Dédicace de Saint Pierre Saint Paul

Frère Pierre-Marie

Rien «dans la vie», comme on dit,
ne prédisposait ces deux hommes
que la liturgie rapproche aujourd’hui dans une même fête,
à se rencontrer
et moins encore à œuvrer ensemble.
Un point commun cependant, au départ :
tous deux sont de race juive.
Un grand point commun à l’arrivée :
tous deux meurent en apôtres de Jésus Christ.

*

Le premier s’appelle Simon
du nom du second fils de l’ancêtre Jacob.
Le second porte le nom de Saül
comme le premier roi concédé par Dieu au peuple d’Israël.
Simon est un pêcheur de Bethsaïde
et passe le plus clair de son temps
sur les eaux du lac de Tibériade.
C’est un Galiléen, plongé au cœur de cette terre,
carrefour des nations païennes.
Viens à ma suite, je ferai de toi un pêcheur d’hommes.
Laissant là l’épervier, il part aussitôt à la suite de Jésus.
Il devient son disciple.
Quelques temps après, au terme de toute une nuit en prière,
sur les flancs de la montagne, Jésus l’appelle à nouveau
et le place en tête des Douze,
et il reçoit alors comme eux le nom d’apôtre.

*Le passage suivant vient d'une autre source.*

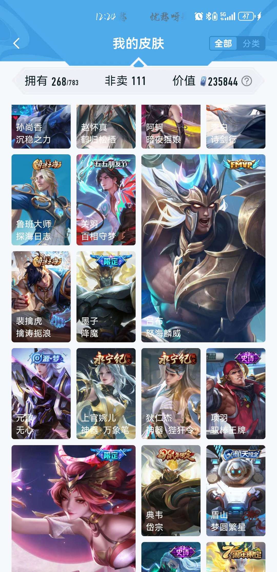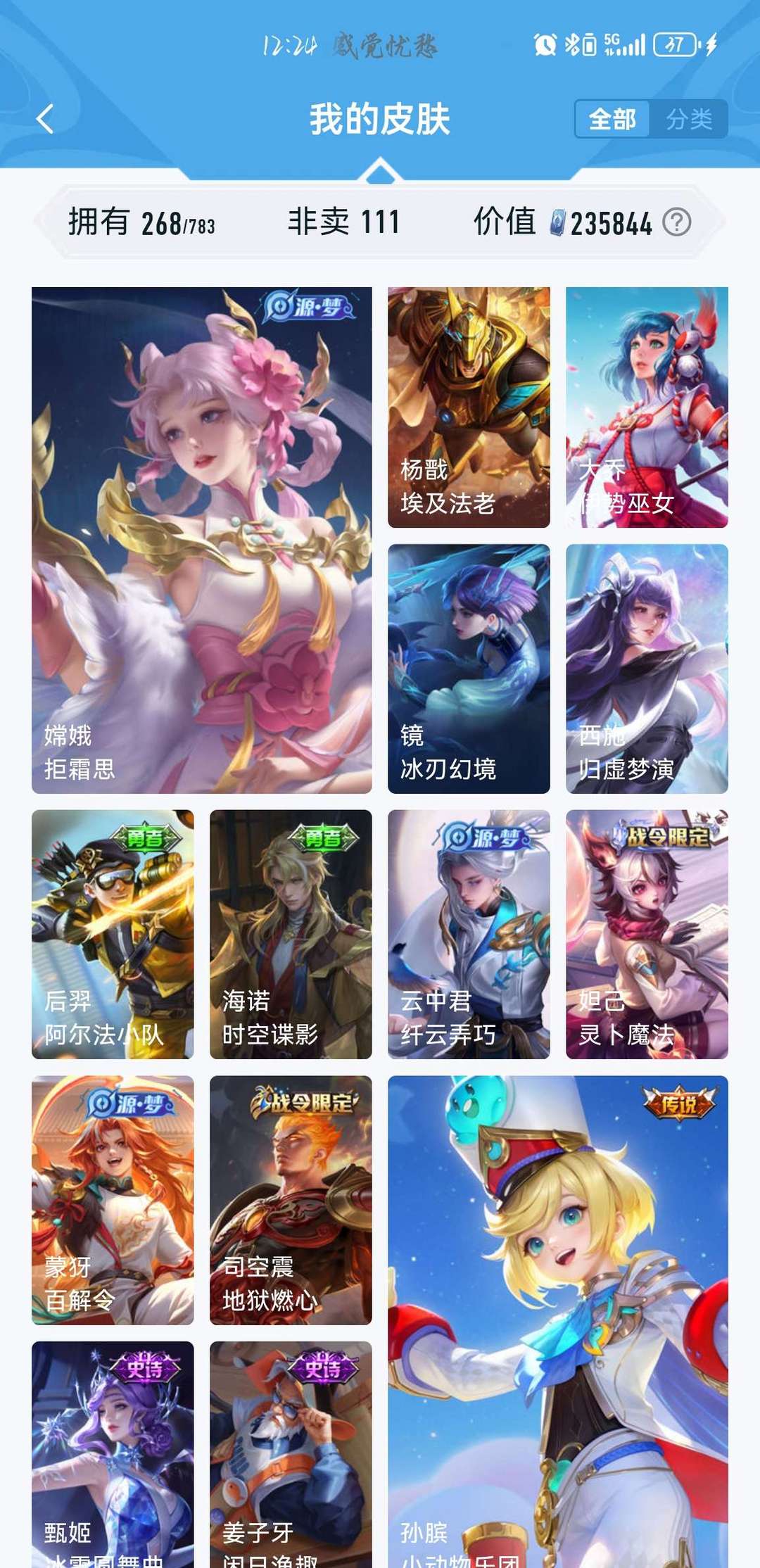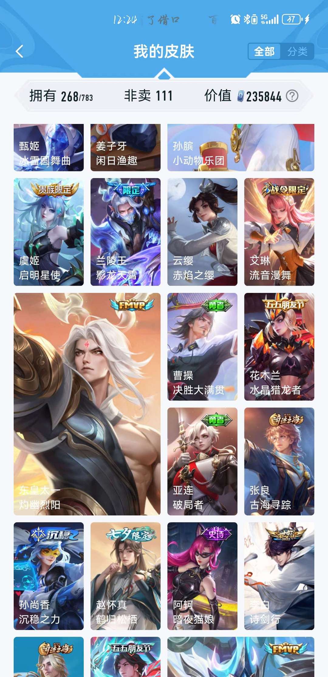 装备描述:皮肤截图在下边 挺久没玩了应该出了两个英雄可以自行购买金币一定够

De même que celui qui vous a appelés est saint,
écrira-t-il un jour dans sa première lettre
aux étrangers de la diaspora,
devenez saints vous aussi dans toute votre conduite (1,17).
Prêchant le premier d’exemple,
en bon pasteur et modèle du troupeau de Dieu (3,2),
le disciple Simon, l’apôtre Pierre
deviendra, tout simplement : saint Pierre.

Quel itinéraire :
la Galilée, la Samarie, Jérusalem,
avec cette nuit mémorable et terrible,
celle de l’agonie de son Seigneur,
où, voulant marcher, lui aussi, à sa suite,
sur les eaux de la mort,
il prend peur tout à coup, car le vent avait tourné,
une fois encore,
et était devenu contraire (Mt 14,24.30).
Et puis le matin radieux du saint Jour de Pâques.
Le vent fou d’amour, redevenu favorable cette fois,
au plein feu du Jour de Pentecôte (Ac 2,2.47).
Jérusalem encore, Joppé, Césarée Maritime,
Antioche et Rome enfin.
Il sera donc : saint Pierre de Rome.
À l’endroit même de son martyre, on bâtira une église
sous le vocable et à la mémoire de son nom.
Vous donc, comme des pierres vivantes,
prêtez-vous à l’édification d’un édifice spirituel (1 P 2,5).

*

— Saül, Saül, pourquoi me persécutes-tu ?
— Qui donc es-tu, Seigneur ?
— Je suis Jésus que tu persécutes (Ac 9,4-5).
Alors, ce circoncis du huitième jour, de la race d’Israël,
de la tribu de Benjamin, Hébreu, fils d’Hébreu,
quant à la Loi un Pharisien, quant au zèle un persécuteur de l’Église,
quant à la justice que peut donner la Loi,
un homme irréprochable,
se relève (Ph 3,5-6).
Aveuglé de lumière, terrassé en sa chair,
ébranlé en ses certitudes, et se reconnaissant enfin
le premier des pécheurs (1 Tm 1,15) !
Deux ans au désert, Jérusalem, Antioche, Chypre…
La Cilicie, la Galatie, la Lydie, la Mysie, la Macédoine….
Éphèse, Philippes, Thessalonique, Athènes, Corinthe…
Tout le nord du Bassin méditerranéen parcouru
en de multiples voyages missionnaires
et, pour finir, pour lui aussi, la ville de Rome.
Il y mourra également martyr du Christ.

*

Près de la colline vaticane,
à l’emplacement du cirque de Néron,
l’apôtre Pierre est crucifié.
Sur la route d’Ostie, hors des remparts,
l’apôtre Paul est décapité.
Nous fêtons aujourd’hui, frères et sœurs,
la Dédicace de ces deux églises,
dressées au cœur de la capitale de l’Empire,
devenue la ville d’où l’évêque de Rome, le Pape
préside à la charité de toutes les Églises :
la Basilique de Saint-Pierre-de-Rome
et la Basilique de Saint-Paul-hors-les-murs.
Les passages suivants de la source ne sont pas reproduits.